It’s been a really creepy week for the Apple investor out there. The tech news section is getting so thick it’s hard to keep up with the constant revelations. The Microsoft trial has become a theater of the absurd. Barksdale, Netscape CEO, admitted he played Stalin with Steve Case (AOL’s CEO) who played Roosevelt as they schemed against poor little ol’ Microsoft. Appropriate fun for Halloween, only it wasn’t October when these grown men were playing “Yalta.” Then you had Mark Andreesen’s surreal claim that Netscape would never ever have given away Navigator for free if it hadn’t been for the Microsoft subterfuge of giving away Explorer.

Please, do you know of anyone, anywhere who ever paid for Netscape Navigator? Not to be out done for shear gall, the Orwellian Microsoft counsel confessed the meeting Microsoft had claimed to be “invented and imagined” really did happen but it was a set-up, a sting operation! The DOJ counsel thought they were in the wrong courtroom.

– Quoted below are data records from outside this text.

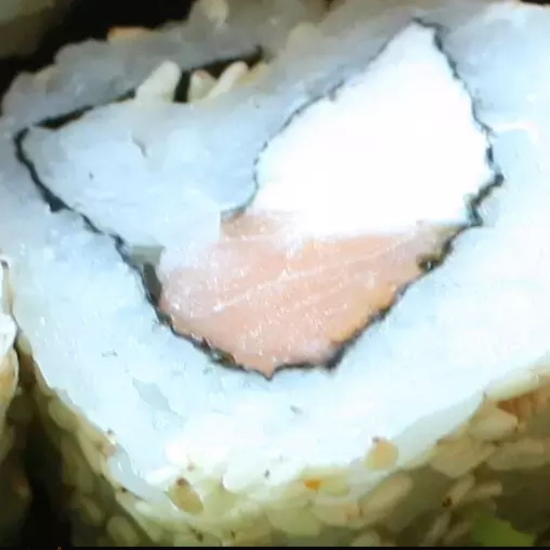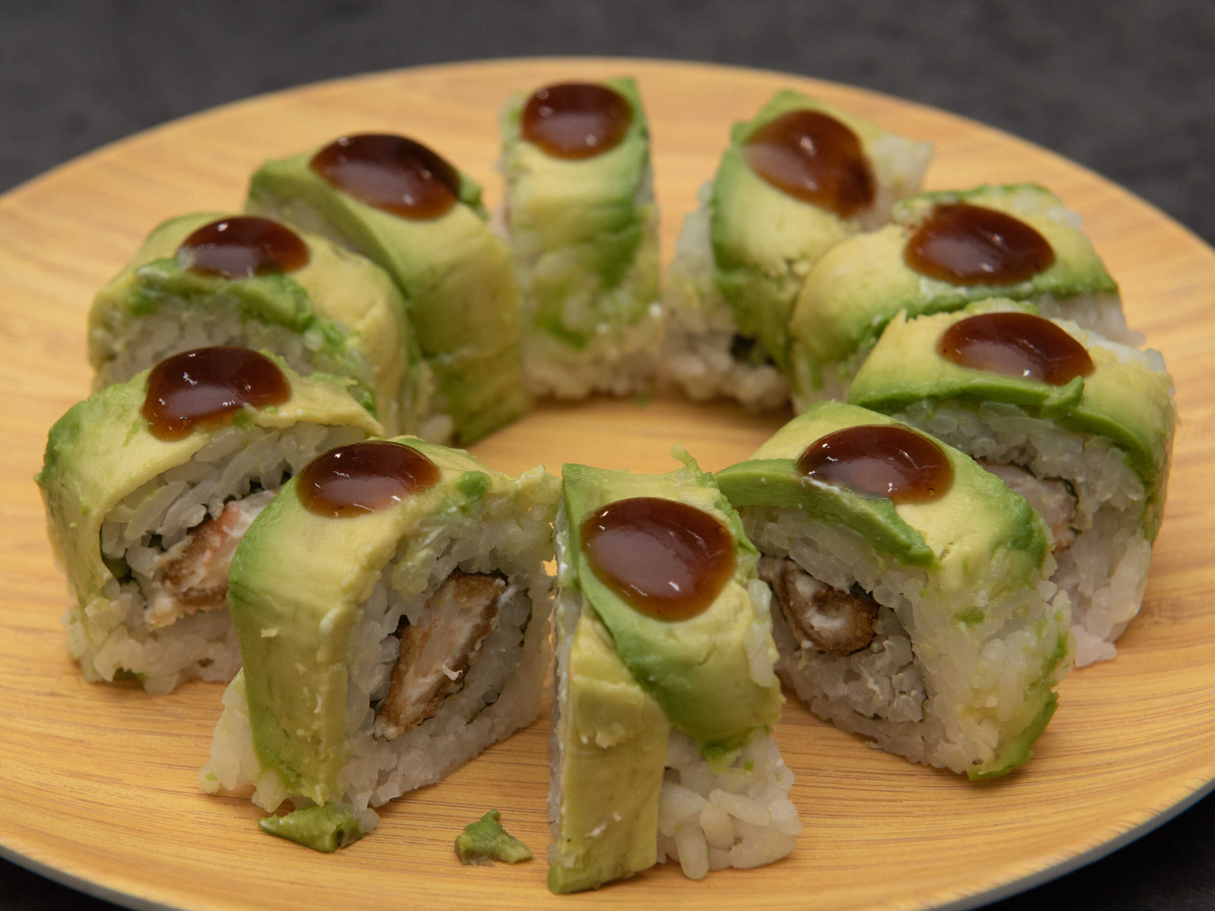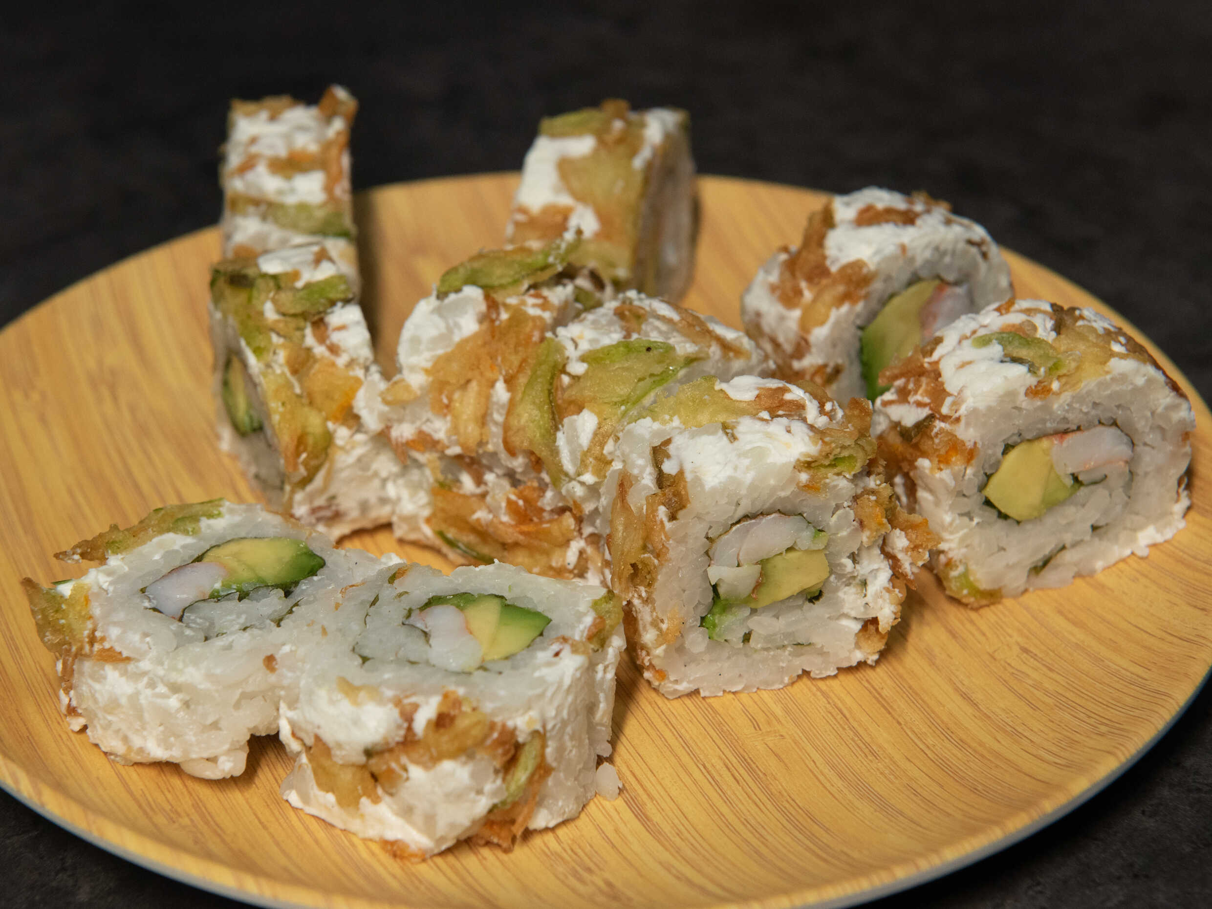 Rollo empanizado con surimi, aguacate y queso crema, 10 piezas por rollo.
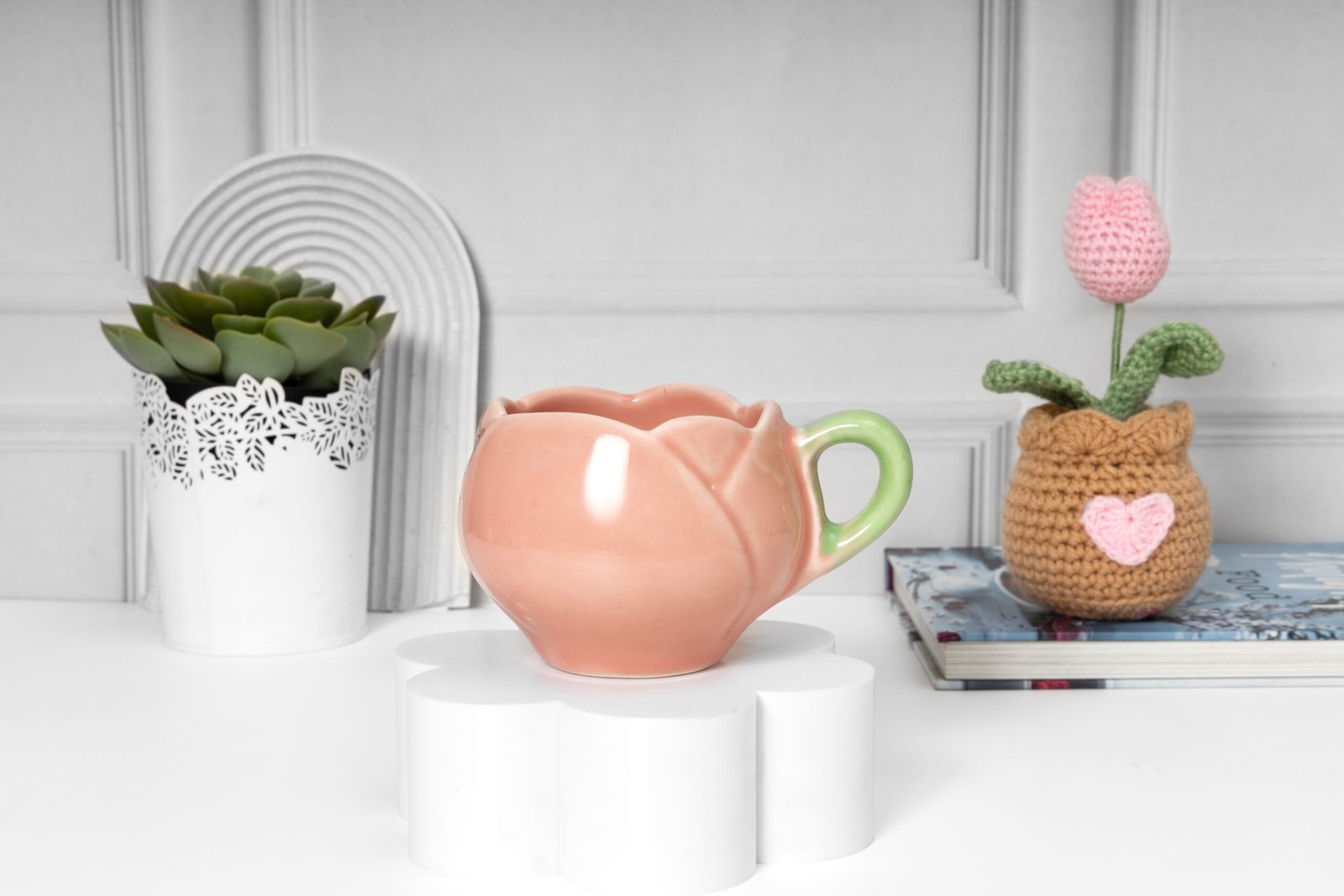 • Ceramic tulip mug for coffee, tea, or hot beverages
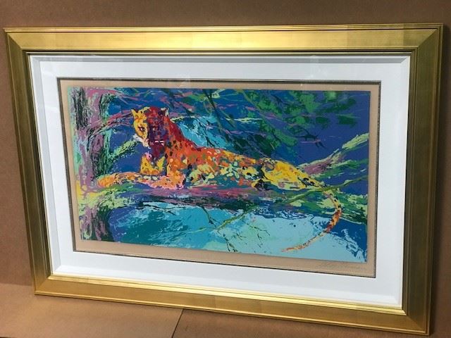 Kenya Leopard by LeRoy Neiman - Hand signed by LeRoy Neiman - Limited Edition Serigraph - Rare AP (Artist's Proof) - Framed size = 37" x 53"
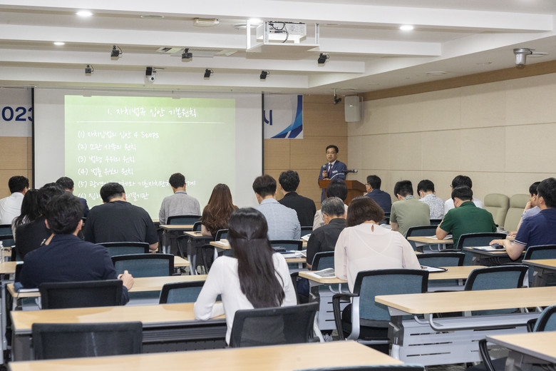 이날 교육에서는 자치법규 입안실무 부터 법규 해석, 운영 등 법제전반에 대하여 다루었으며, 강사진은 실무경험이 많은 법제처 전문가로 구성했다.

Later, in the Day of the Living Dead category, rumors abound that Gateway is going to resurrect the Amiga on G3 PowerPC silicon and that these boxes will also be able run various Mac OS’s. Rumor has it that this has caused quite a fright over at Apple. I’m not sure why, sounds like a failed Dr. Moreau experiment. Interested parties tell me that it raises the ugly specter of unauthorized clones, a dragon, authorized or not, that St. Jobs made quick work of last year.

Perhaps partly as pay back Apple announced on Wednesday an “i:)ware” consumer financing program modeled on Your:)Ware the successful Gateway campaign to trick cash poor consumers into buying a lame cow for a PC. With the Apple version anyone with $29.95 a month can now afford an iMac, instead of a cow, and while you’re at Best Buy financing that iMac why don’t you get a washer-dryer combo too? Think of all the quarters you’ll save.

The Big News this week is that Fortune Magazines put our hero, Steve Jobs, on the cover of the November issue and the big geek forgot to shave for the photo shoot. Mom won’t be pleased. Inside the glossy covers, Fortune devotes a lot of hand wringing to the Big Question Mark that hovers above Apple’s long term future and they have an insightful chat with Steve too. But, they leave the Big Question Mark hanging. This should be a good publicity thing, right?

Maybe. Yet, strangely enough on Tuesday, as the rather positive Fortune articles hit the net, Apple’s stock plunged over two points late in the day on light volume. Could it be Fred Anderson’s frank admission that Apple would be “dead” with out Microsoft’s continued support of MS Office for the Mac that spooked the spookable? Or did the dirt that the Fortune article dredged up about Apple’s gloomy financial past scare the newbie investors out there. Macabre statistics like, “ in 1994, 18% of U.S. households that owned a computer had Macs; by this July the figure had plunged to 6%. That translates to just 2.7 million U.S. homes with Macs.”

Makes me want to cry in my beer to sadly reminisce about the Apple “spiral of death” under Gil Amelio. Fortunately, that past is history and the future is what investors must keep an eye on.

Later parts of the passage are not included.